Brief intro for the uninitiated:

Solaris, and most appls that run under solaris, expect a postscript printer. If you dont have one, get one. If you cant afford one, install ghostscript, and read the ghostscript FAQ on setting up a printing filter.

That being said, now let's move on to the good stuff :-)

Solaris 11 printer syntax

Solaris 11 transitioned to using CUPS for its main print engine. The interfaces have changed significantly. There is a web interface, which is somewhat well documented. However, most people who come to my site, are probably more interested in the command line methods, which are poorly-documented in the Oracle docs.

Here is the cheat sheet that you probably care about:

# TO ADD A (generic HP style) NETWORK PRINTER to Solaris 11
lpadmin -p testprint -E -v socket://1.2.3.4 \
  -P /usr/share/ppd/SUNWhpijs/HP/hp-color_laserjet-ps.ppd.gz

# To view all defined printers
lpstat -v

# To view details on a named printer 'testprint'
lpstat -l -p testprint
Solaris 11 users should probably ignore the rest of this page.


Solaris 10 and older

The rest of the page is kept around for historical reasons.

The syntax that most people will care about:

What to do if you have a direct-attached(parallel port) printer

lpadmin -p lp -v /dev/lp[whatever] -T PS -I postscript

What to do if you have a networked HP printer

There are many pieces of advice, some of which include: BUT!

All of this seems now unneccessary, since HP net printers which emulate their own LPD have special names for internal filtering. Assuming your HP network printer has been added to the hosts table as "hplj", you could address it as

  1. lpadmin -p hp -s hplj
  2. lpadmin -p hp -s 'hplj!text'
  3. lpadmin -p hp -s 'hplj!raw'
  4. lpadmin -p hp -s 'hplj!auto'

#4 will automagically make everything work! It should accept postscript as postscript... but it will also take UNIX text, and add CR *iff* it is neccessary!

When I tried it on an HP 4050, anyways. Lemme know if it doesnt work on a relatively recent networked HP.

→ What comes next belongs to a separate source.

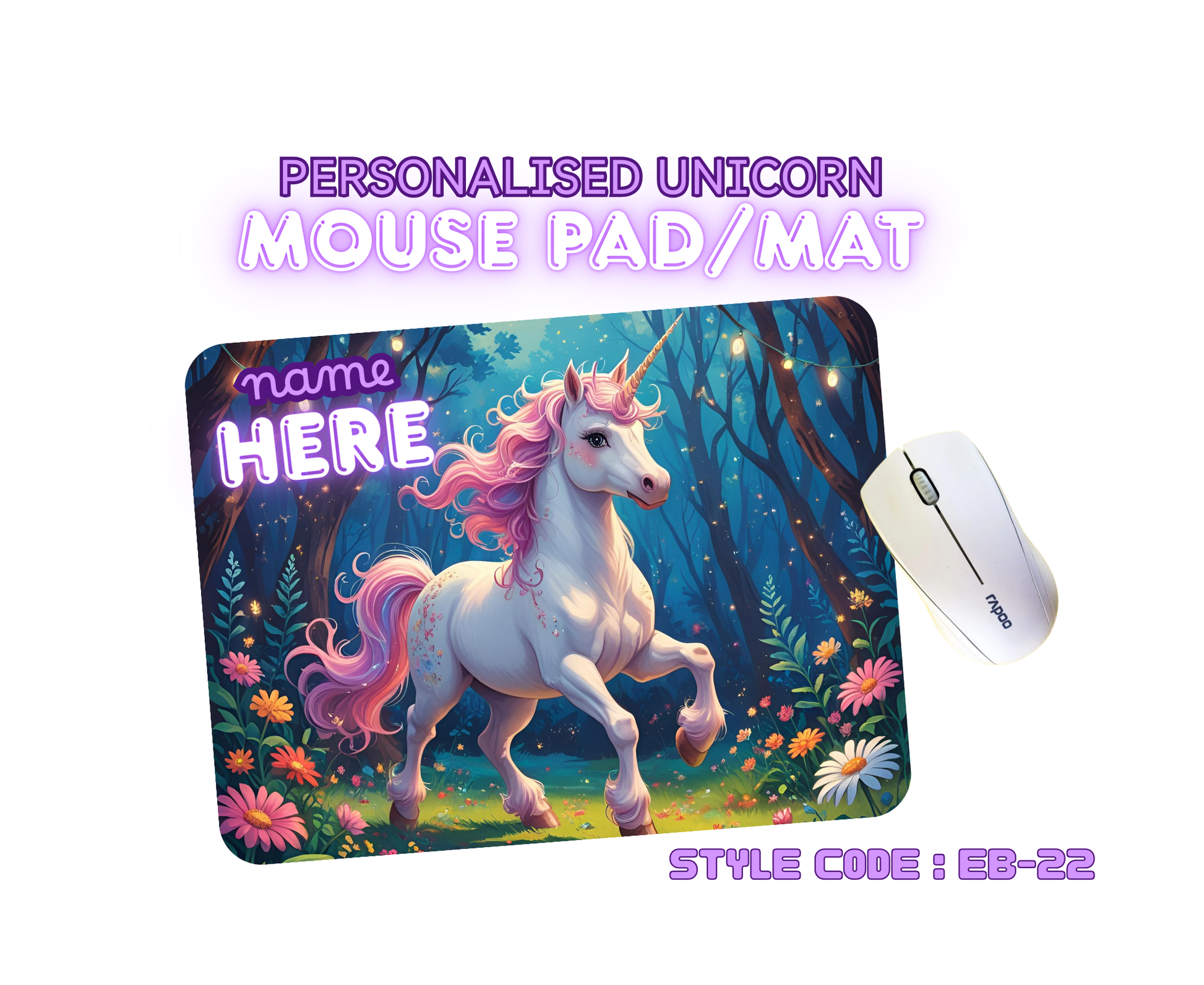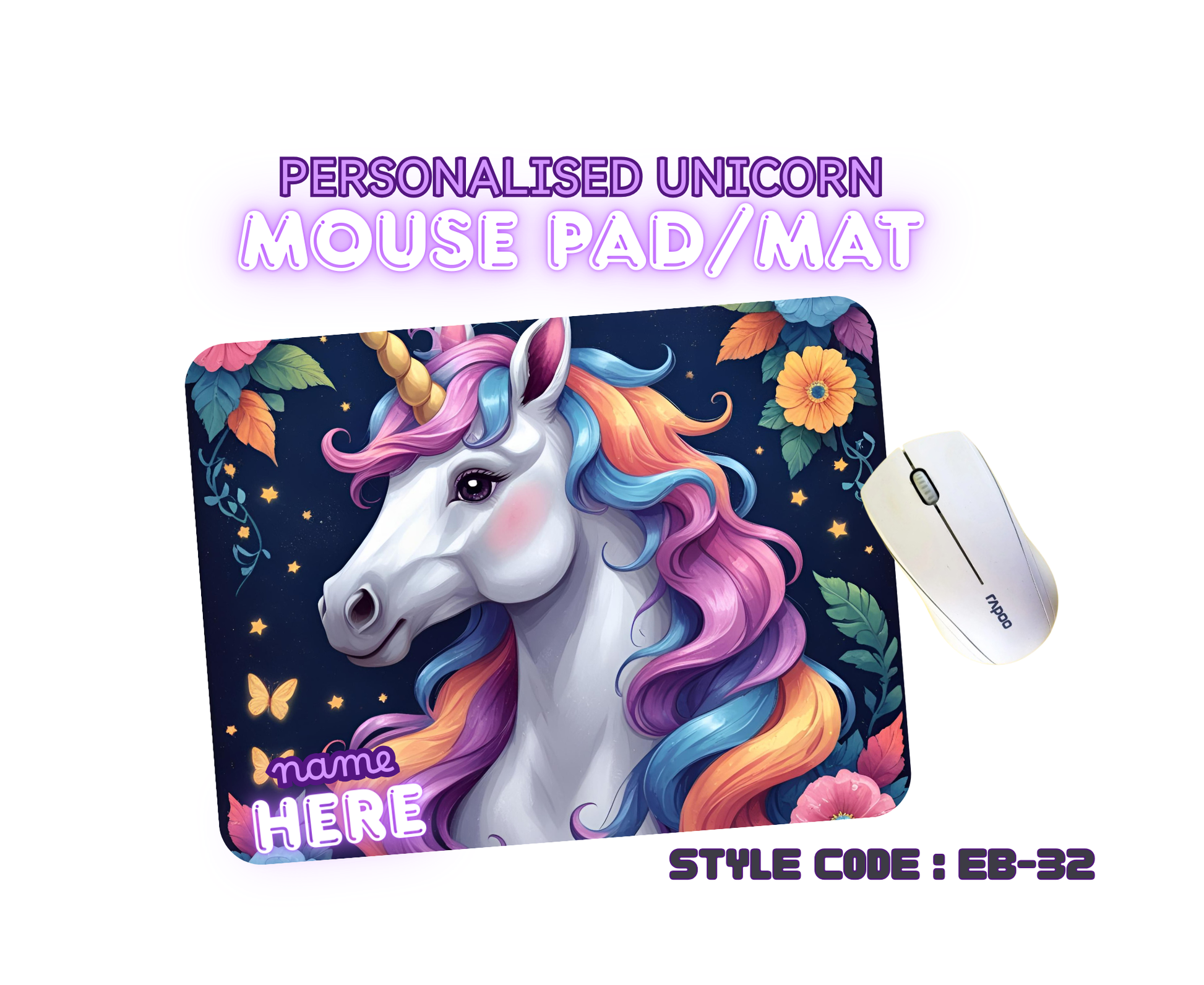 Personalised Unicorn Mouse Mat | Pad | Custom Name Print | EB22–EB32 Designs

If you wanted to manually convert a text file to postscript, the mindless way, you can invoke the solaris PS filter by hand, with

/usr/lib/lp/postscript/postprint  file.txt >file.ps
Alternatively, on newer Solaris release, you can use the mp command:
mp  file.txt >file.ps

An obscure bit of info that I wanted to preserve on my own site:

If, as root, the command "lpfilter -f all -l" returns nothing, you should do the following:


# # Note that this is ksh syntax
# cd /etc/lp/fd
#   for file in * ; do
        sfile=${file%%.fd}
        lpfilter -f $sfile -F /etc/lp/fd/$file
        done

This will enable all the "filters" (like the "text to postscript" filter), that otherwise may not kick in.